3) Focus on Change and Reform, Not the Status Quo: Early surveys matching Gore versus Bush show a close election between the two men. Gore has the advantage of a country at peace and experiencing prosperity, which strengthens his argument that he is the one best able to build on the strong economy of the past eight years. Bush, on the other hand, is in a strong position to appeal to votes interested in change. Typically, after eight years of any president, Republican or Democrat, citizens look for a change in philosophy and outlook. But the fact that two-thirds of Americans believe the country is headed in the right direction makes Bush's argument tricky. He needs to play to voter's desire for change while at the same time recognizing that the country is at peace and experiencing record prosperity.

4) Prepare for a Negative Campaign: One quality that marked the nominating strategies of Bush and Gore was a willingness to do whatever it took to win, including a propensity to go negative on the opposition. When Democratic challenger Bradley mounted a serious bid to deny Gore his party's nomination, the vice president responded with sharp and pointed criticisms of Bradley's health care proposals and past political experience. Bush did the same thing when McCain upset Bush in New Hampshire and garnered favorable coverage from reporters. Criticizing his opponent as a hypocrite and fake reformer, Bush beat back the McCain challenge and secured enough delegates for his party's nomination.

With the expectation of a close race and each man having clearly identified weaknesses, look for each candidate to point out differences with the other. Neither will make the 1988 mistake of Michael Dukakis of not responding when criticized by the opponent. Both Gore and Bush will mount aggressive defenses of themselves and make pointed criticisms of the other. The 10 to 20 percent of the voters who will be undecided near the end of the campaign will be the object of their appeals. These are individuals who tend to be political independents and who live in the suburbs. Their fears and concerns will occupy the attention of the presidential candidates.

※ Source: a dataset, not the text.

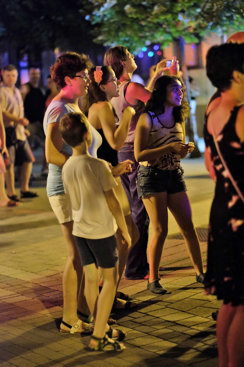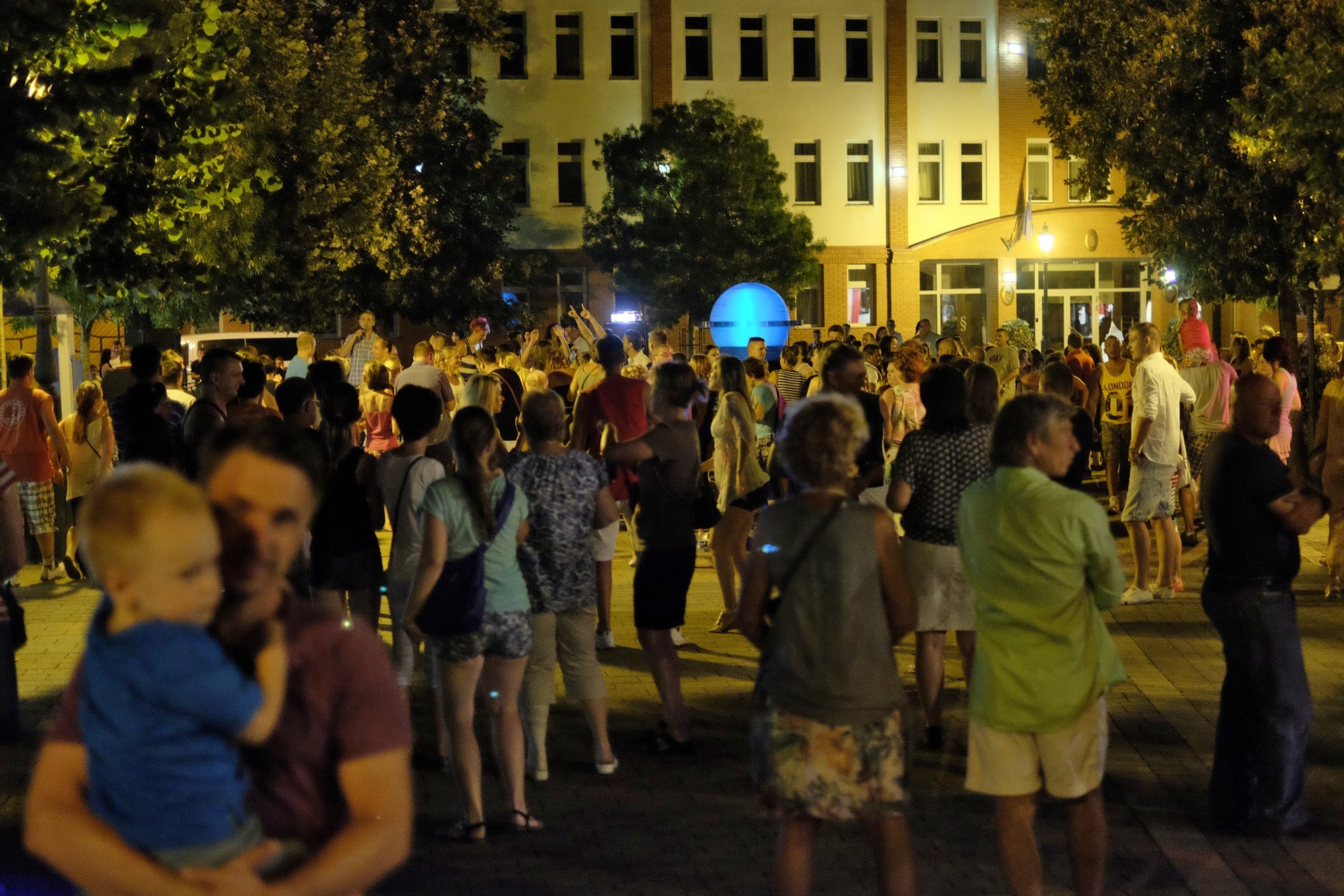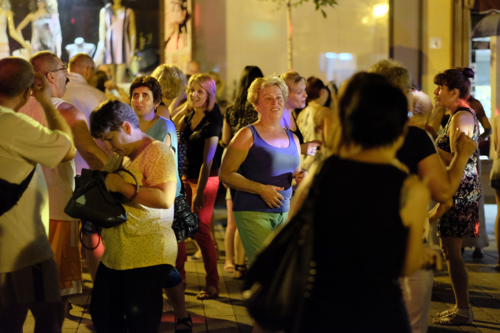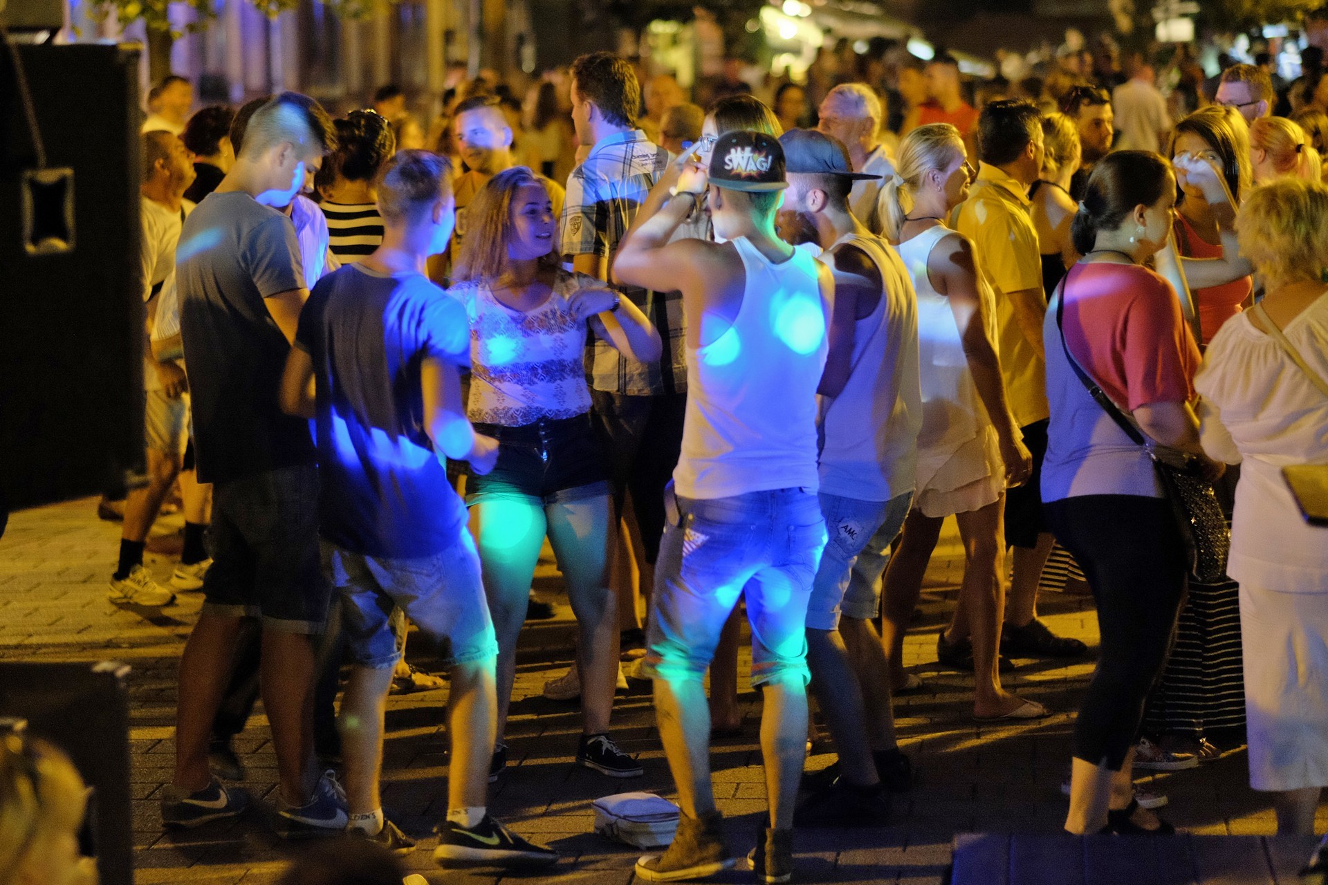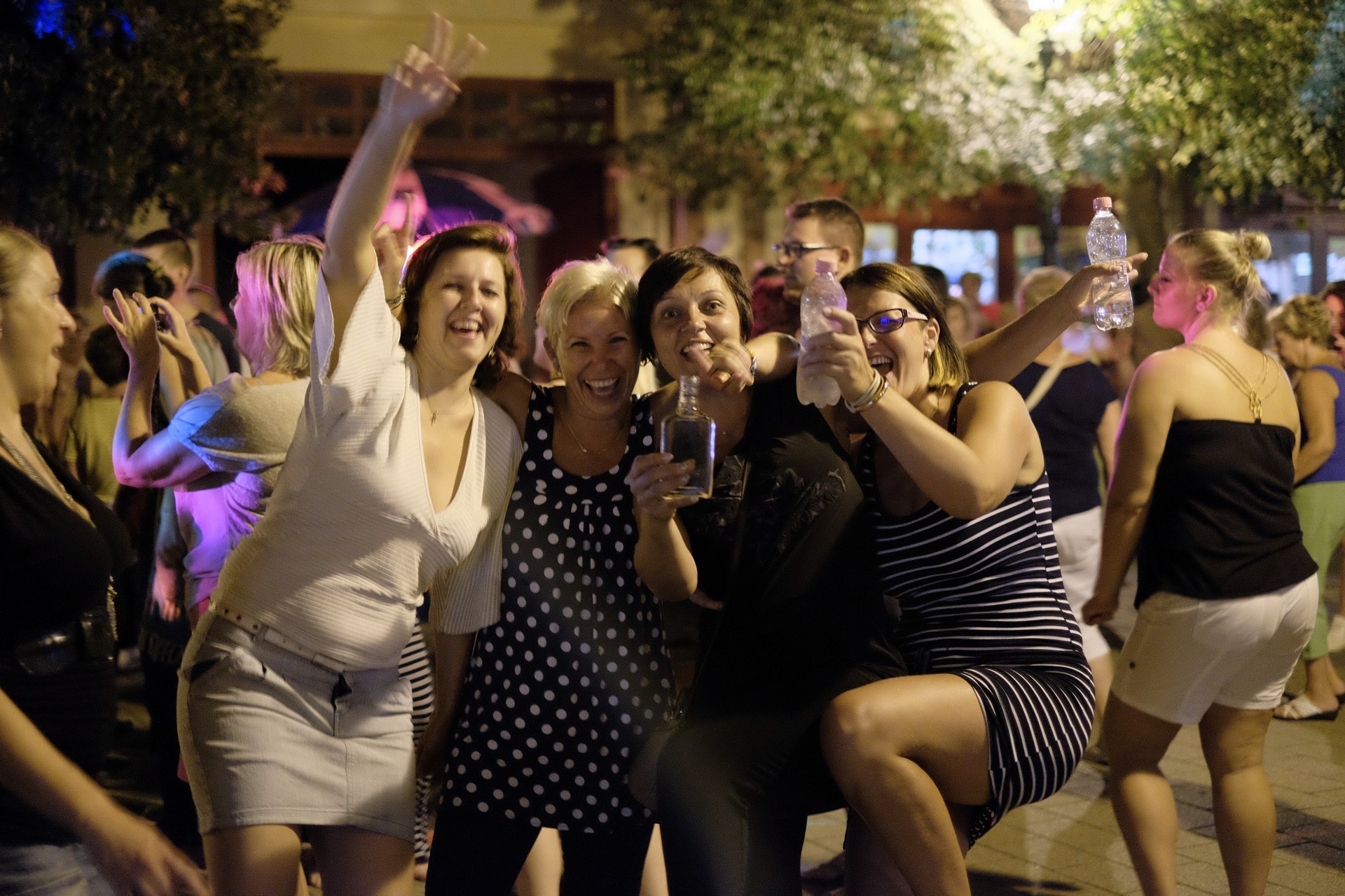 A Gyulai Korzó programsorozatában szinte mindenféle szórakoztató zenének helye van, amelyik tapsolásra, vagy táncra bírja a népeket. Augusztus 15-én este a Világóránál az utóbbi volt a cél, slágerparti invitálta mozgásra a táncos lábakat. A sétáló utcán DJ Ravasz, vagyis Ravasz Attila pörgette a lemezeket – vagy pontosabban szólva keverte az MP3-akat –, hogy a ’70-es, ’80-as és ’90-es évek örökzöld slágereivel bírja ugra-bugrára a jelenlévőket. Bár aznap még tartott a harmadfokú hőségriasztás, a kánikula kicsit csendesedett, és egy-két távoli villámlás is riogatta a népeket, de hiába. Aki már belevetette magát a táncba, nem tágított, és ménkűvel sem lehetett elijeszteni a jó hangulatú, „trópusi” utcabuliról.

5) Look for Good Cop/Bad Cop Campaigning: Since current campaign finance rules allow political parties and independent interest groups to broadcast ads for or against specific individuals, look for the candidates to practice "good cop/bad cop" routines in which they deliver more positive messages, while outside organizations sympathetic to each candidate run more hard-hitting messages. Both Gore and Bush will rely on outside groups to carry the most negative messages in the race. The virtue of this strategy is that it allows candidates to appear to be above the partisan fray and thereby helps them avoid voter wrath for negative campaigning. The overall goal of the ad campaign will be to pin negative material on the opponent without getting blamed by voters for practicing attack politics.